Some selections are also made based on thermal performance, noise, value, and overall feature sets.
Tips for Getting the Ideal CPU Cooler
You do not need to buy a separate fan cooler for Ryzen CPUs
When you own a Ryzen CPU, you may want to get a CPU cooler. Don’t feel pressured, though. Even where you overclock, the fact is all Ryzen 300- and 2000-series processors and some older Ryzen models ship with coolers. That means many of them can handle moderate overclocks.
If you’re after the best CPU clock speed possible, you’ll still want an aftermarket cooler. However, for many Ryzen owners, that won’t be necessary.
Take note of clearances
Always check clearances before buying. Sometimes, big air coolers and low-profile models bump against tall RAM and even VRM heat sinks. Also, tall coolers can butt up against your case door or window. Always check the dimensions and advertised clearances of any cooler against your case before buying.
More fans lead to more cooling at a cost
A silent CPU cooler is a huge advantage and benefit to users. However, that usually takes more fans to make your processor cool. It comes at a cost, though. While the coolers do their best to keep the warm air away from your CPU and case, they’ll get loud. If you don’t appreciate fan noise, get a cooler to balance the noise and cooling effect.
RGBs that go off
If you’re going to get a cooler with RGB, make sure you can turn it off. Sure, many coolers these days include RGB fans and lighting. It’s an exciting way to customize the look of your PC.
Just make sure there’s a way to turn off the lights. That could be through a built-in controller or when plugging the cooler into a compatible RGB motherboard header. Let the lights go off without shutting down the PC.
The Air or Water Question
When installing top-notch CPU coolers, there are some concerns, including what you pay and how easy it is to configure. Well, Cooler Master’s Hyper 212 RGB offers better performance than stock cooling solutions. That’s without adding much to your build budget.
Further, if you want a quieter PC with lower CPU temperatures, a water-based option is the best for you.
For example, a high-end AIO with a 280mm or 360mm radiator such as the CoolerMaster MasterLiquid ML360R RGB will outperform many air coolers on the market.

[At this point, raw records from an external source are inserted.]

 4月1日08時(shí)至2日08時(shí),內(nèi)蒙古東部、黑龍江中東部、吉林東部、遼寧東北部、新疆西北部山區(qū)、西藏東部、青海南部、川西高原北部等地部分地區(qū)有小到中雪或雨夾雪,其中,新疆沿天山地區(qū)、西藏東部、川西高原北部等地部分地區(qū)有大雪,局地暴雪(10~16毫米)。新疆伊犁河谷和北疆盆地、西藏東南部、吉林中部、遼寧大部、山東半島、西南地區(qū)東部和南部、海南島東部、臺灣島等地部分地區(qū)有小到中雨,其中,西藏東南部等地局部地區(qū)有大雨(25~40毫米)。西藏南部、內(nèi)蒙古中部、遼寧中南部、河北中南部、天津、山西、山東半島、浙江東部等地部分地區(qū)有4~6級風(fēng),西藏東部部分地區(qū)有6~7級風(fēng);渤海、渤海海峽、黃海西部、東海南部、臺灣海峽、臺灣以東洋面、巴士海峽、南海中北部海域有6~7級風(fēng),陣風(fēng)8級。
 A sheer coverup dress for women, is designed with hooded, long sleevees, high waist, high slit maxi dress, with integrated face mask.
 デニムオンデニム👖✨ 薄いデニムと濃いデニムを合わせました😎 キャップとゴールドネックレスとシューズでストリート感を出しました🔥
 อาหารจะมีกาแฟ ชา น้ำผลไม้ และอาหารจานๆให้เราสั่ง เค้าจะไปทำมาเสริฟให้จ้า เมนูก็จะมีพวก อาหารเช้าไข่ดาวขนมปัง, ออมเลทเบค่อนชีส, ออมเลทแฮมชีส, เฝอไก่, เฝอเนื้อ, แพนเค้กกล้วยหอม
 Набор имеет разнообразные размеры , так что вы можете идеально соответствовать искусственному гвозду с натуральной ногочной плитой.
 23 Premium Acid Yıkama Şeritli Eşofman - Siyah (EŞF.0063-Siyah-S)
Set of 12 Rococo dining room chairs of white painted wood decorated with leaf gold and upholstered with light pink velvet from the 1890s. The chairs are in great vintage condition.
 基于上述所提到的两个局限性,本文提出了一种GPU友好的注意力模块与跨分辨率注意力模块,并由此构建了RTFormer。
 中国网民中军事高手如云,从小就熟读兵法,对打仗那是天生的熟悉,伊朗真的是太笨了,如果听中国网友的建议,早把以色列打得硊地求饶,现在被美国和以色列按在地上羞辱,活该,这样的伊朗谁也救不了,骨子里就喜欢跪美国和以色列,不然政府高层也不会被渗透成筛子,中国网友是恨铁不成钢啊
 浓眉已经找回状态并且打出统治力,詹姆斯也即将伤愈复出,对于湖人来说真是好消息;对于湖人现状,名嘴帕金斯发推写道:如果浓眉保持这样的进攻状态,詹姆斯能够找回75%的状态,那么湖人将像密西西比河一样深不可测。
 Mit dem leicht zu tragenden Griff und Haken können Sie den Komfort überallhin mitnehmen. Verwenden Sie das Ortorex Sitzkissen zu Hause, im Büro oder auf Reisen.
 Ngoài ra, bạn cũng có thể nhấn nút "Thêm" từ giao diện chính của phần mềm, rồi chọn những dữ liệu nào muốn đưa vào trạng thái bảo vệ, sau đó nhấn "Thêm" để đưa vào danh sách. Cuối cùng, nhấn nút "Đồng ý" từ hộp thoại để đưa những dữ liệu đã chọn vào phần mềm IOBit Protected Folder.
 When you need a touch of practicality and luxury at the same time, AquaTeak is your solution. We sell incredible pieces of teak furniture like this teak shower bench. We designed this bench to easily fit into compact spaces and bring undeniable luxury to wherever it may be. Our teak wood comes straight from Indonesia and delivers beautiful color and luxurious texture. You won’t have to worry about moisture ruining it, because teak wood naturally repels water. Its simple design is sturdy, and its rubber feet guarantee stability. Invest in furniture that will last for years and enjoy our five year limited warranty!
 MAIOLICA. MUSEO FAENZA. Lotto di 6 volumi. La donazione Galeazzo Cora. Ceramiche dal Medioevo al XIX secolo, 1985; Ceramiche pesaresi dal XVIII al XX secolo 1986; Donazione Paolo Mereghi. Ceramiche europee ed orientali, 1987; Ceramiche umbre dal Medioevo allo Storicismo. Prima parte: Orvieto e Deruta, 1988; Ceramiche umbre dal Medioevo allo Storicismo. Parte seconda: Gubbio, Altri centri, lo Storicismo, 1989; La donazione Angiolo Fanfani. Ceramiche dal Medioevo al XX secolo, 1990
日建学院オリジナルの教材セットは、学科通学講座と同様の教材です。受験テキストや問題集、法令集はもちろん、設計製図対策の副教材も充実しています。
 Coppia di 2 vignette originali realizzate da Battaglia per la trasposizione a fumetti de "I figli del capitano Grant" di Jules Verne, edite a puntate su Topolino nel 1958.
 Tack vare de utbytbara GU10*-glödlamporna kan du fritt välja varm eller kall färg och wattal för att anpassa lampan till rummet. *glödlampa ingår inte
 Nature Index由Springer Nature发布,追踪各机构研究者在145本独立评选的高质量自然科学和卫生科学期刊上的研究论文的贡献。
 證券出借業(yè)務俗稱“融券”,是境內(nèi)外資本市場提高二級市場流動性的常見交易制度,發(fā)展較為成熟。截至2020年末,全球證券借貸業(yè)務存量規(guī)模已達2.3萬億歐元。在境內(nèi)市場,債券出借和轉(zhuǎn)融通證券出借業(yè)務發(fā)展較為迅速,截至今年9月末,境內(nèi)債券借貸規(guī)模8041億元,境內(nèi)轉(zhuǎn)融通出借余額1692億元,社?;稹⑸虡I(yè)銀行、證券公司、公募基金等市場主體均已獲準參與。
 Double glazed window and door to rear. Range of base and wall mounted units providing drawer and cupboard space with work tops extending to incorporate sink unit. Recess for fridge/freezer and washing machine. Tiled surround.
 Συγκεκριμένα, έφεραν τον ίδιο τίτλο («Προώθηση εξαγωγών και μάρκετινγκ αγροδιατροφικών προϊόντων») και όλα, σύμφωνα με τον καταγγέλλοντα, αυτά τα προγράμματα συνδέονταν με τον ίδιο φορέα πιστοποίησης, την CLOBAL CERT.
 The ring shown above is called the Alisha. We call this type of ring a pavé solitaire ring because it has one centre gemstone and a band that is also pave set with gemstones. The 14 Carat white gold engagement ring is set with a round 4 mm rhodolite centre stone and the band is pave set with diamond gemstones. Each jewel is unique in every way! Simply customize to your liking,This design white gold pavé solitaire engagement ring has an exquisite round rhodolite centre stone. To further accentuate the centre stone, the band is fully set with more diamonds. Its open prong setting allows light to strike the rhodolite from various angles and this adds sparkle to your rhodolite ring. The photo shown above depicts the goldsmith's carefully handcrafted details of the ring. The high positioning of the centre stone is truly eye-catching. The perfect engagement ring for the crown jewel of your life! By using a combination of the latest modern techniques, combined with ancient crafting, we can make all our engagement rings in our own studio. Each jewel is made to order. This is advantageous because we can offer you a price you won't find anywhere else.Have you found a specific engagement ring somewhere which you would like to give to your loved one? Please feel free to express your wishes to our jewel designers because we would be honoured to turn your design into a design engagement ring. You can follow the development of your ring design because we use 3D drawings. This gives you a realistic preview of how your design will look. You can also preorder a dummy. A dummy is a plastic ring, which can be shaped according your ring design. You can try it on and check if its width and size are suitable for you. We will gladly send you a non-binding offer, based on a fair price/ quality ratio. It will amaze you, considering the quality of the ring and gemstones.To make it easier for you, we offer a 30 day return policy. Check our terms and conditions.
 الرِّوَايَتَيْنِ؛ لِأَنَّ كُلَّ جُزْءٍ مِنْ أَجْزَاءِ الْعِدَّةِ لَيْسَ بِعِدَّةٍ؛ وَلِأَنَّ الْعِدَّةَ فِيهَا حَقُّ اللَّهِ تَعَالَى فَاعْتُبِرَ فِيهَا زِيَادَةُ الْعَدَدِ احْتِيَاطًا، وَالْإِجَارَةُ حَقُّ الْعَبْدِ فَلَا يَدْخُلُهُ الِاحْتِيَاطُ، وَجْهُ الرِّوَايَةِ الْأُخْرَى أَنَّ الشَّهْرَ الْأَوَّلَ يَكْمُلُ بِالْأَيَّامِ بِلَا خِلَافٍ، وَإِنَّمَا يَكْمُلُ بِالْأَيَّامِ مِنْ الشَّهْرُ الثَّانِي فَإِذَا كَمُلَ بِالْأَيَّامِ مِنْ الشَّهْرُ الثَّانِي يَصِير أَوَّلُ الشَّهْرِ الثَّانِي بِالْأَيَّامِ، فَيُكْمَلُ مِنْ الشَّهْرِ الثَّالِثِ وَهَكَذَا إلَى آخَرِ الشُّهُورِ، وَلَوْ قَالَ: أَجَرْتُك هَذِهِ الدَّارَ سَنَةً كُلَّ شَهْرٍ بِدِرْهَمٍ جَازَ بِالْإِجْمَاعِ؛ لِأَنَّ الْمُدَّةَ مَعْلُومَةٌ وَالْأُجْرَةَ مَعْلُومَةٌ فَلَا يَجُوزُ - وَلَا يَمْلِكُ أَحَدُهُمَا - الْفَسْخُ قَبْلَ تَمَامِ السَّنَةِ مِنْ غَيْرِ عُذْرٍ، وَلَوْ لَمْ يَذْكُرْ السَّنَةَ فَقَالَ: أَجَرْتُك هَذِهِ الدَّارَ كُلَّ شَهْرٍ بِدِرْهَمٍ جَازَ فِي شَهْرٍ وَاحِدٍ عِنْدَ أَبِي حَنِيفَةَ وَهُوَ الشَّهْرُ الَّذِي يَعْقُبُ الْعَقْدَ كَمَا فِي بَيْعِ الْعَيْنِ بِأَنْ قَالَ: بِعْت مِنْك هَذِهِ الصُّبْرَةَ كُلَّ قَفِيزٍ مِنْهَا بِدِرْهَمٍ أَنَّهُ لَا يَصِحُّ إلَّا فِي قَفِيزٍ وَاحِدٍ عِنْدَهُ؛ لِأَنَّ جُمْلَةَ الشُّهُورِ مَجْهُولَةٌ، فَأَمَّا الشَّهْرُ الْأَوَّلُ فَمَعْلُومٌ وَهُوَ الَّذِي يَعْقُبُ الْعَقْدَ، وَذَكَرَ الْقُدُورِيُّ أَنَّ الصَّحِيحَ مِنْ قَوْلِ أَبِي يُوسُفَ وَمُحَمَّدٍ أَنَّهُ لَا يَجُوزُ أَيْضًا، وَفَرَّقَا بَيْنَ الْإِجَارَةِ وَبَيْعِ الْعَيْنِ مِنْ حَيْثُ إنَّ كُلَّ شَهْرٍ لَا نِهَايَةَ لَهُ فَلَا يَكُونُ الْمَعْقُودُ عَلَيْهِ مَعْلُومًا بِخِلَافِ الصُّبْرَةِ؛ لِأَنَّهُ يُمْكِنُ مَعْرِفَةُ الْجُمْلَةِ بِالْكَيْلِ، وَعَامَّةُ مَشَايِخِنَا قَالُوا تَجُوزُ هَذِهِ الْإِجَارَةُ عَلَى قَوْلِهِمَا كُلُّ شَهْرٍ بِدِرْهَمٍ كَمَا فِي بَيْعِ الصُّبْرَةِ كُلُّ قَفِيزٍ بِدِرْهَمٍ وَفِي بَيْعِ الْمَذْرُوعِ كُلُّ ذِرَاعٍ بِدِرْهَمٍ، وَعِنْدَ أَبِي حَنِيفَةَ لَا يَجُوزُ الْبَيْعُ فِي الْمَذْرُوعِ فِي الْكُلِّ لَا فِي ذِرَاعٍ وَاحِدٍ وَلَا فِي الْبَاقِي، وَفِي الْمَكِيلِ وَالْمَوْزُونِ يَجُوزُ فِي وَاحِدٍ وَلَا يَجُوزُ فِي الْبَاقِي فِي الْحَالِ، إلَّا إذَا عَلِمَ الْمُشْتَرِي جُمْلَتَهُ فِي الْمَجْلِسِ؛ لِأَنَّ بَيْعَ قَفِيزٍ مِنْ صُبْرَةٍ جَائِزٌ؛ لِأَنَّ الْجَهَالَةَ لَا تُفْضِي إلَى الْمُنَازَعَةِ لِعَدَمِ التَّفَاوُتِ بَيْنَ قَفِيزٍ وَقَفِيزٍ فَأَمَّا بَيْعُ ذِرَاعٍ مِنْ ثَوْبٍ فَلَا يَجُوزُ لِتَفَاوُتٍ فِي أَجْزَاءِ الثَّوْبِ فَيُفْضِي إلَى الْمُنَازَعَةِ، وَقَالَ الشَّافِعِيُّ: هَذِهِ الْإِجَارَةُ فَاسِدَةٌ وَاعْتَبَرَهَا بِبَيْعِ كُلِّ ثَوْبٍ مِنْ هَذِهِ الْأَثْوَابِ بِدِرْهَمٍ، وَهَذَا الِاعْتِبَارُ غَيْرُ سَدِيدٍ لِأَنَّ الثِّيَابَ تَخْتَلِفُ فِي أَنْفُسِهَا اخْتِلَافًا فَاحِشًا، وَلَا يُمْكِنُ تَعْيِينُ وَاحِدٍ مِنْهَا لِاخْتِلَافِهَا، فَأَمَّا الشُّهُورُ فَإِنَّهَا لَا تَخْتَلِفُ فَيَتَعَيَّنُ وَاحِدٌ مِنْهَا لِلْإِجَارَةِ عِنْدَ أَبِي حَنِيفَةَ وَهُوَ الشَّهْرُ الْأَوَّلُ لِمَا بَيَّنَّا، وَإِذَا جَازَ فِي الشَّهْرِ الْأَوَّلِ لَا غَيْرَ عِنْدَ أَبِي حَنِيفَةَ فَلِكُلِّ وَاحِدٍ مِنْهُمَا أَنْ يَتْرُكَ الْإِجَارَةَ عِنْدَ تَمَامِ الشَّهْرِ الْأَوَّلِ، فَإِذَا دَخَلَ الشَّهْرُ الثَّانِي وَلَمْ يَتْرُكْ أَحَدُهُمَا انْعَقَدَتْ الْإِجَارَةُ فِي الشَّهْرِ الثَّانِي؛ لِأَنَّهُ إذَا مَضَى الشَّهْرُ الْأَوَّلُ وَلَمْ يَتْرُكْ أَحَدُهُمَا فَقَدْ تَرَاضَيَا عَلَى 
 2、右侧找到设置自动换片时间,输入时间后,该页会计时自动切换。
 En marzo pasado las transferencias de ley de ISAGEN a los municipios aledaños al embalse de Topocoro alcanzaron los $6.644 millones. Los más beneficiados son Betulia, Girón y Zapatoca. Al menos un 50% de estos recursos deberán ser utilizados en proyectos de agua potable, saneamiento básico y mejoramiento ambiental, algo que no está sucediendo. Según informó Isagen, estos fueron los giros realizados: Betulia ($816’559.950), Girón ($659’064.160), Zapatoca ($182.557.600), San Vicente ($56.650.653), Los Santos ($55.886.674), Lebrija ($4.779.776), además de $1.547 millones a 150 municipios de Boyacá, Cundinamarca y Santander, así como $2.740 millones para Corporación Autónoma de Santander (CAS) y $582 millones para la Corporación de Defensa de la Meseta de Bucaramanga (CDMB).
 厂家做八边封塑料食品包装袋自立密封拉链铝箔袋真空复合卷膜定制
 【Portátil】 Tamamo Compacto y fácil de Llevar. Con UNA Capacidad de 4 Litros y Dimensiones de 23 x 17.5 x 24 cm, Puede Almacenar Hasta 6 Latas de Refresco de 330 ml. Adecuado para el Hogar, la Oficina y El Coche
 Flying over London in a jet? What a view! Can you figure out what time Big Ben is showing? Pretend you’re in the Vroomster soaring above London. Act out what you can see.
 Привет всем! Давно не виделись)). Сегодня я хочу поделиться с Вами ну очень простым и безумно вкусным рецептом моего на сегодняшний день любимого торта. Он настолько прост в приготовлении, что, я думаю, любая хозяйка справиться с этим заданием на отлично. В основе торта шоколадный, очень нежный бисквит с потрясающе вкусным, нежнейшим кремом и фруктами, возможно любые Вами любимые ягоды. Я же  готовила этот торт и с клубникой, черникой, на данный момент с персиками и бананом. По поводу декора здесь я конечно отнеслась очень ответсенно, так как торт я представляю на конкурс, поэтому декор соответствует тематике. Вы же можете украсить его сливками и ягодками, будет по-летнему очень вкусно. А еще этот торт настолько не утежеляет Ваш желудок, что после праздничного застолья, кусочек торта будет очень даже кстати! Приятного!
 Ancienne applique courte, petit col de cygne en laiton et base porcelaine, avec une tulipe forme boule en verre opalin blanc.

On the flip side, if your case is quite large, a three-fan radiator may not fit in your PC.
For pro gamers and enthusiasts looking to overclock their PCs to the highest potential or prevent throttling at stock speeds, it’s always important to pay close attention to your CPU cooler before you take any action.
However, if you don’t have huge ambitions and use a Ryzen chip, you can stay within your budget when you stick with a stock cooler that came in your box.
Overall, we have highlighted some of the best CPU coolers available right now, and you can confidently opt for any of these options if you are looking to squeeze the most performance from your PC. Other than that, you can always check the space and TDP requirements before settling on the right cooling solution for your system.